## Data block
--------------------
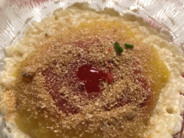 Den Milchreis in Dessertschalen füllen und mit dem Mangomus und Kokoszucker bestreut servieren. Etwas Schnittlauchgrün ist zwar geschmacklich nicht notwendig, dient aber der Optik.
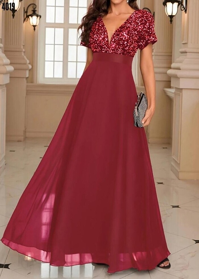 Kadın kısa kollu derin v yakalı a kesim pulpayet detaylı şifon nedime elbisesi Beden: S-M/L-XL/2XL-3XL Kumaş: ŞİFON
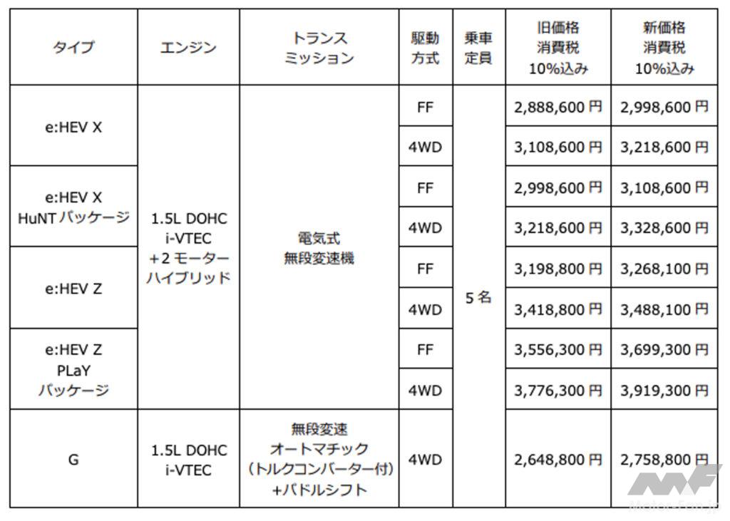 今回の一部改良では、「G」「e:HEV X」「e:HEV X HuNTパッケージ」に、Honda CONNECTディスプレー、ワイヤレス充電器、ETC2.0車載器をセットでメーカーオプションとして追加設定し、ニーズに対応した。
--------------------
## Problem
If a picture falls within the lines from the one containing "Kadın kısa kollu" through the end of the material, leave it out while repeating those lines exactly.

## Expected answer
 Kadın kısa kollu derin v yakalı a kesim pulpayet detaylı şifon nedime elbisesi Beden: S-M/L-XL/2XL-3XL Kumaş: ŞİFON
 今回の一部改良では、「G」「e:HEV X」「e:HEV X HuNTパッケージ」に、Honda CONNECTディスプレー、ワイヤレス充電器、ETC2.0車載器をセットでメーカーオプションとして追加設定し、ニーズに対応した。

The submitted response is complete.